According to Equinor CEO Anders Opedal, the agreement marks a “major milestone for the development of carbon capture, transport and storage,” viewed as a key tool for the decarbonization of heavy industries.

Opedal said:

“With the first commercial agreement for transportation and storage of CO2, we open a value chain that is critical for the world to reach net zero by 2050. Together with our partners, we are building infrastructure to decarbonise industry and energy, securing industrial activity and jobs in a low carbon future.”

The Northern Lights project was launched in late 2020, as the transport and storage component of Longship, the Norwegian Government’s full-scale carbon capture and storage project. Longship was unveiled in September 2020, with the government describing carbon capture and storage as a prerequisite for reducing global greenhouse gas emissions in line with the Paris Agreement climate targets.

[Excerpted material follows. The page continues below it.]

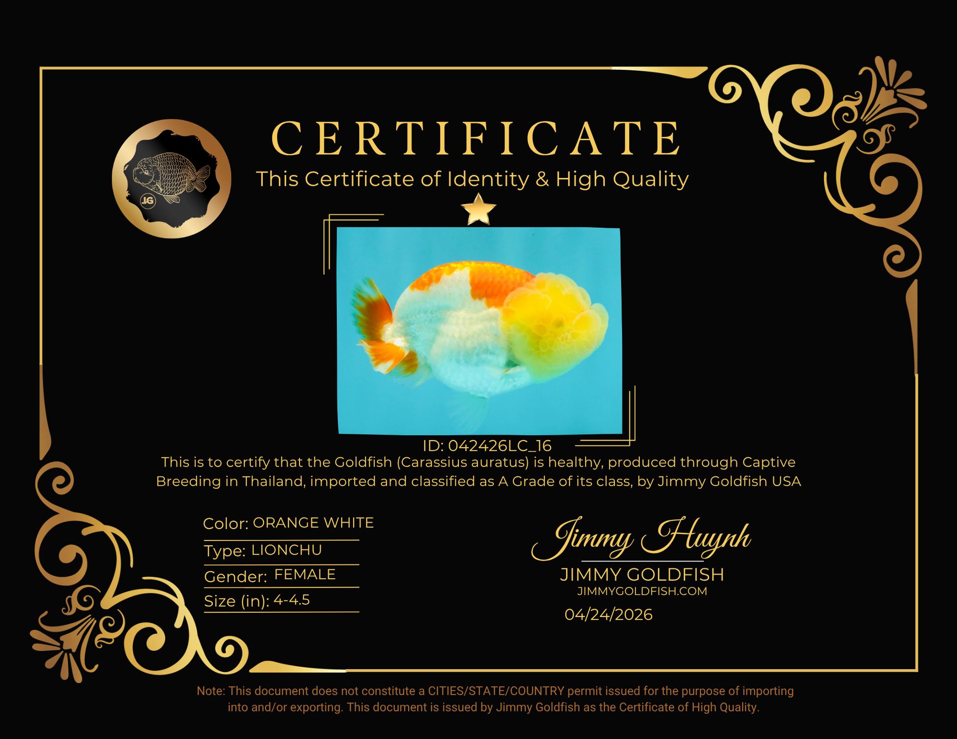 SUPER CUTE A Grade Red White LionQueen Female 4-4.5 inches #042426LC_16

The first phase of the Northern Lights project is anticipated to be operational in 2024, with capacity to transport, inject and store up to 1.5 million tonnes of CO2 per year.

Under the new agreement, 800,000 tonnes of CO2 from Yara’s ammonia and fertiliser plant in the Netherlands, Yara Sluiskil, will be captured, compressed and liquified in the Netherlands, and then transported for permanent storage 2,600 meters under the seabed in the Norwegian North Sea, beginning in early 2025.

Yara CEO Svein Tore Holsether, said:

“Action to decarbonise industry is urgent and Yara is a frontrunner. I am very pleased to announce that we are now on our way to removing CO2 emissions from our production plant in Sluiskil. This will take us a step further towards carbon-free food production and accelerate the supply of clean ammonia for fuel and power production.”

Following phase 1, Northern Lights aims to expand its capacity to a total of 5 million tonnes of annual storage, with phase 2 currently working toward a final investment decision.

Børre Jacobsen, Managing Director of Northern Lights, said:

“Yara is our first commercial customer, filling our available capacity in Northern Lights. With this we are establishing a market for transport and storage of CO2. From early 2025 we will be shipping the first tonnes of CO2 from the Netherlands to Norway. This will demonstrate that CCS is a climate tool for Europe.”